# Wind Load Code Requirements



## fj80 (Jan 18, 2017)

I'm designing a single family residence in Tennessee, an area I'm not familiar with, and the builder has asked me to check for any wind load code issues. We're using IRC 2012.

I've looked at Figure R301.2(4)A, B, and C and that area is not within any of the shaded areas for required wind design. Is that the only thing I need to look for, or are there any other parts of the code that pertain to wind?


----------



## CityKin (Jan 18, 2017)

Look at the lines on the map.  If for example you are between the 90 and the 100 lines, then you design for 90mph. I don't have the 2012 code right in front of me but by looking at the 2009 version, it looks like you will need to design for 90mph 3 second gust of wind.


----------



## Francis Vineyard (Jan 18, 2017)

See R301.2.1 "Wind speeds for localities in special wind regions, near mountainous terrain, and near gorges shall be based on elevation. Areas at 4,000 feet in elevation or higher shall use 110 V mph (48.4 m/s) and areas under 4,000 feet in elevation shall use 90 V mph (39.6 m/s). Gorge areas shall be based on the highest recorded speed per locality or in accordance with local jurisdiction requirements determined in accordance with Section 26.5.1 of ASCE 7."

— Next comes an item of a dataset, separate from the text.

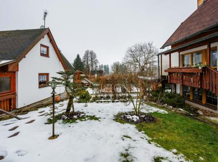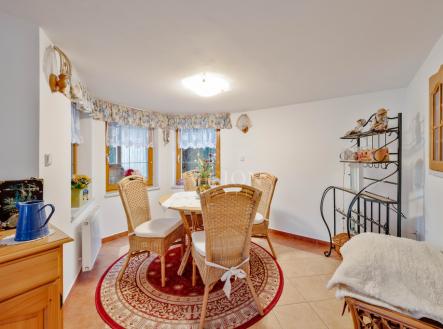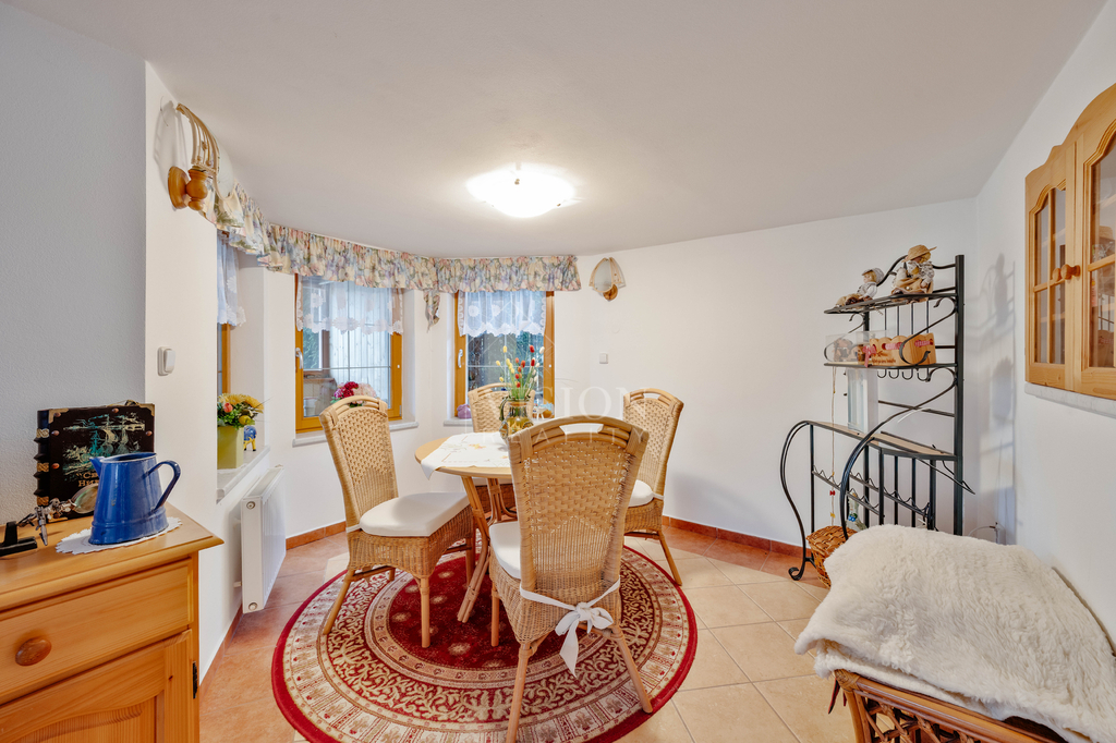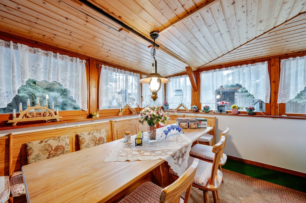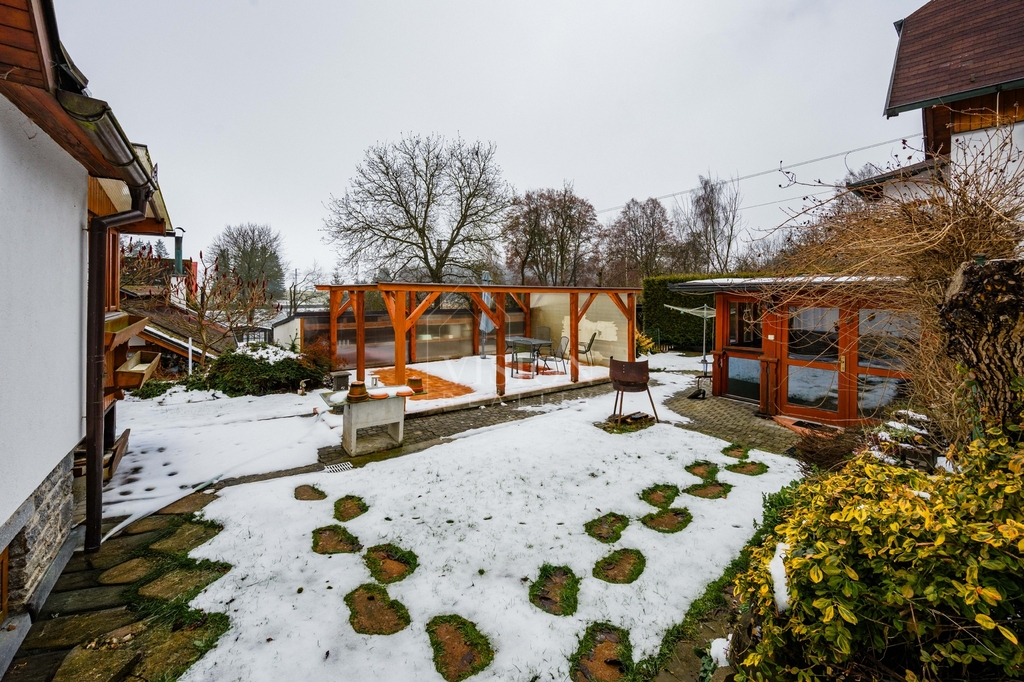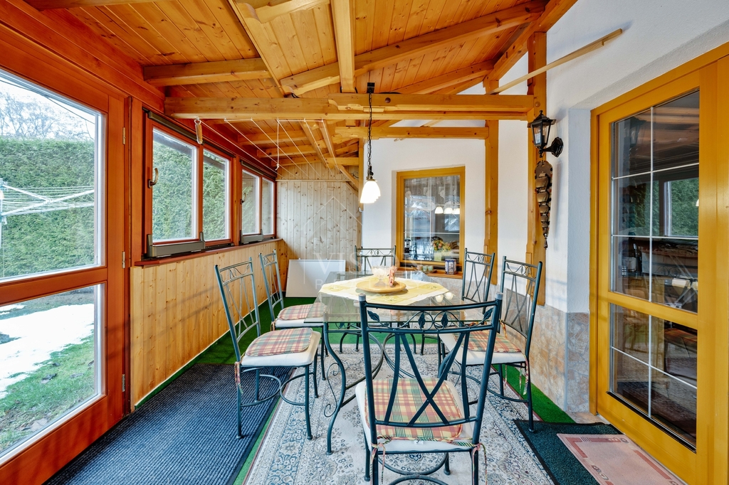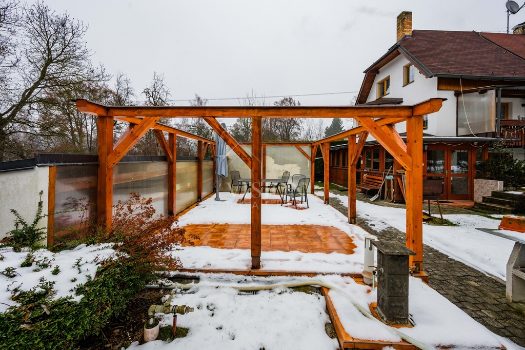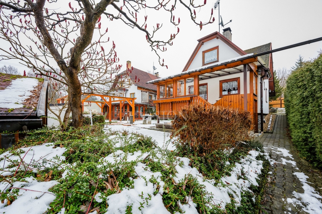 Nabízíme k prodeji prostorný a pečlivě udržovaný rodinný dům v obci Černovice, na adrese Husovy Sady 465. Nemovitost leží na pozemku o velikosti 934 m² a nabízí celkovou užitnou plochu 400 m². Dům je ve výborném technickém stavu a poskytuje komfortní zázemí nejen pro velkou rodinu, ale také možnost vícegeneračního bydlení či propojení bydlení s podnikáním. V přízemí domu se nachází prostorná kuchyně s krbovými kamny, která nejen vytvářejí příjemnou atmosféru, ale díky sálavému teplu také efektivně vytopí celou místnost. Na kuchyni navazuje společenská místnost ideální pro rodinná setkání či posezení s přáteli. Přirozené světlo zde doplňuje vstup na verandu, která rozšiřuje obytný prostor směrem do zahrady a poskytuje příjemné místo pro odpočinek. Velkým benefitem je i stylová vinotéka, která nabízí unikátní prostor pro uskladnění vína i drobné degustace. Druhé nadzemní podlaží působí jako samostatná obytná jednotka – díky vlastní verandě, velké kuchyni, útulnému obývacímu pokoji s krbovými kamny a koupelně poskytuje skvělé zázemí jak pro velkou rodinu, tak například pro vícegenerační bydlení. Třetí podlaží pak nabízí klidovou zónu se dvěma dětskými pokoji a prostornou ložnicí, odkud je krásný výhled na zahradu. Vytápění zajišťuje plynový kotel, dům je napojen na veřejný vodovod a disponuje vlastní čističkou odpadních vod. Přečištěná voda je svedena do nádrže a následně využívána pro zavlažování zahrady – praktické a úsporné řešení. Součástí prodeje je také plně vybavená chata umístěná na pozemku. V přízemí chaty se nachází předsíň, obývací pokoj s kuchyňským koutem a koupelna, v patře pak ložnice a dětský pokoj, což poskytuje ideální prostor pro návštěvy nebo rekreační využití. Na pozemku se dále nachází kryté parkování pro dvě vozidla, dílna a zcela zastřešený bazén, který umožňuje koupání i za horšího počasí a výrazně prodlužuje koupací sezónu. Zastřešení zároveň zajišťuje nižší nároky na údržbu a udržuje vodu v příjemné teplotě. Černovice jsou vyhledávanou lokalitou s nádhernou okolní přírodou, výbornou občanskou vybaveností a pohodlným spojením do blízkých měst, jako je Jindřichův Hradec, Kamenice nad Lipou nebo Jarošov nad Nežárkou. Okolí nabízí bohaté možnosti pro cykloturistiku, turistiku, koupání, zimní sporty i houbaření. Jde o ideální místo pro klidné rodinné bydlení se snadnou dostupností všech potřebných služeb. Pro více informací kontaktujte makléře!

It's on the eastern border in map R301.2(4)B


----------



## Francis Vineyard (Jan 18, 2017)




----------



## fj80 (Jan 18, 2017)

There are no special wind regions anywhere in Tennessee on Figure R301.2(4)B, and 90mph winds. The gray area near there appears to be in North Carolina and Virginia. So does this mean wind design is not required?


----------



## JBI (Jan 18, 2017)

Lacking some local history of unusual wind conditions (or possibly a local amendment to the IRC), it would appear that 'wind design' is not automatically required.


----------



## fj80 (Jan 18, 2017)

JBI said:


> Lacking some local history of unusual wind conditions (or possibly a local amendment to the IRC), it would appear that 'wind design' is not automatically required.


Ok, thanks. That what I am thinking too. I have a call in to the local building department to ask for their local climatic and geographical design criteria from Table R301.2(1). I think that should be everything I need.


----------